As mentioned already the first look should always go to the HTTP 1.1 spec (RFC 2616). It says that text in header values must use the MIME encoding as defined RFC 2047 if it contains characters from character sets other than ISO-8859-1.

So here's a plus for you. If your requirements are covered by the ISO-8859-1 charset then you just put your characters into your request/response messages. Otherwise MIME encoding is the only alternative.

As long as the user agent sends the values to your custom headers according to these rules you wont have to worry about decoding them. That's what the Servlet API should do.


However, there's a more basic reason why your code sniplet doesn't do what it's supposed to. The first line fetches the header value as a Java string. As we know it's represented as UTF8 internally so at this point the HTTP request message parsing is already done and finished.
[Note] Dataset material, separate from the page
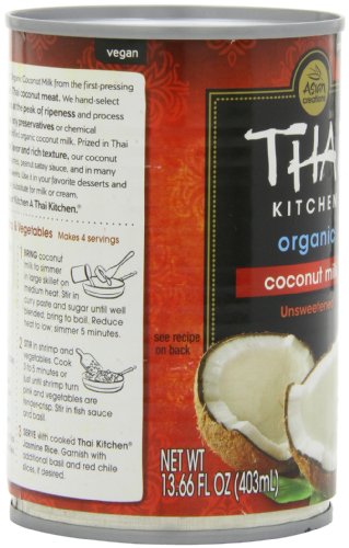 THAI KITCHEN ORGANIC COCONUT MILK UNSWEETENED , 13.66-OUNCE (PACK OF 6)

The next line fetches the byte array of this string. Since no encoding was specified (IMHO this method with no argument should have been deprecated long ago), the current system default encoding is used, which is usually not UTF8 and then the array is again converted as being UTF8 encoded. Outch.

mkoeller
You are right about getBytes(). This can be fixed using getBytes("iso-8859-1").
ebruchez
A: 

Thanks for the answers. It seems that the ideal would be to follow the proper HTTP header encoding as per RFC 2047. Header values in UTF-8 on the wire would look something like this:

=?UTF-8?Q?...?=

Now here is the funny thing: it seems that neither Tomcat 5.5 or 6 properly decodes HTTP headers as per RFC 2047! The Tomcat code assumes everywhere that header values use ISO-8859-1.

So for Tomcat, specifically, I will work around this by writing a filter which handles the proper decoding of the header values.

ebruchez
Look at javax.mail.internet.MimeUtility for this support: http://java.sun.com/j2ee/sdk_1.3/techdocs/api/javax/mail/internet/MimeUtility.html#encodeWord(java.lang.String)
Kevin Hakanson
+2  A: 

The HTTPbis working group is aware of the issue, and the latest drafts get rid of all the language with respect to TEXT and RFC 2047 encoding -- it is not used in practice over HTTP.
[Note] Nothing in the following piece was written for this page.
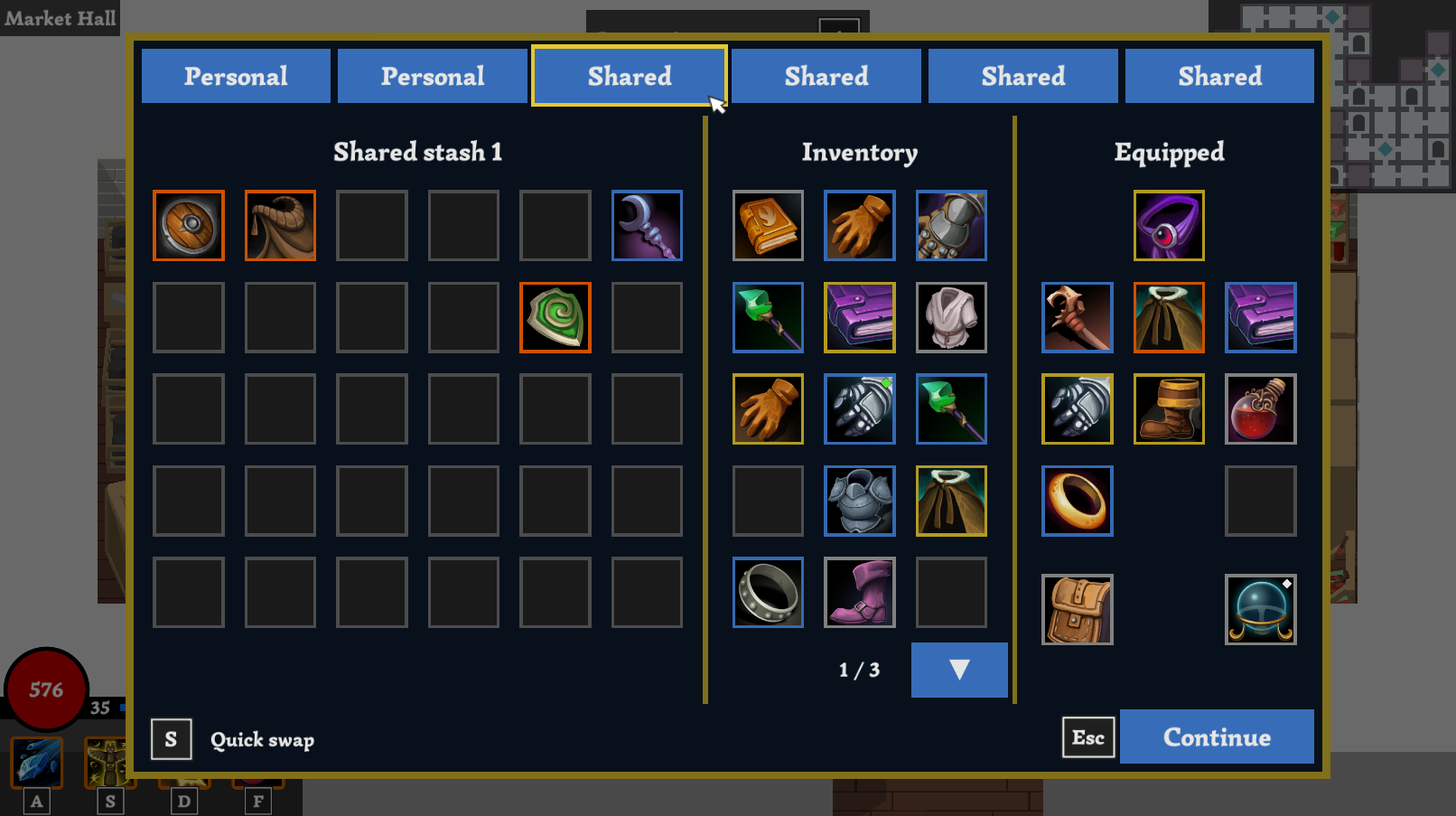 A stash has been added to the Market Hall. It has 6 pages, 2 personal ones (per cat hero) and 4 shared ones. The shared pages are, well, shared amongst all heroes, allowing you to give items from one cat to another. Each page has 30 item slots, so you now have enough space to store every tier 1 and tier 2 epic item (if you want to do that for whatever reason :-D ).

See http://trac.tools.ietf.org/wg/httpbis/trac/ticket/74 for the whole story.

Julian Reschke
+3  A: 

Again: RFC 2047 is not implemented in practice. The next revision of HTTP/1.1 is going to remove any mention of it.

So, if you need to transport non-ASCII characters, the safest way is to encode them into a sequence of ASCII, such as the "Slug" header in the Atom Publishing Protocol.

But if the choice of encoding for custom HTTP headers is implementation specific, choosing RFC 2047 encoding is just as valid as any other encoding (such as the one from Atom which you mention). So there is no reason *not* to use RFC 2047 encoding.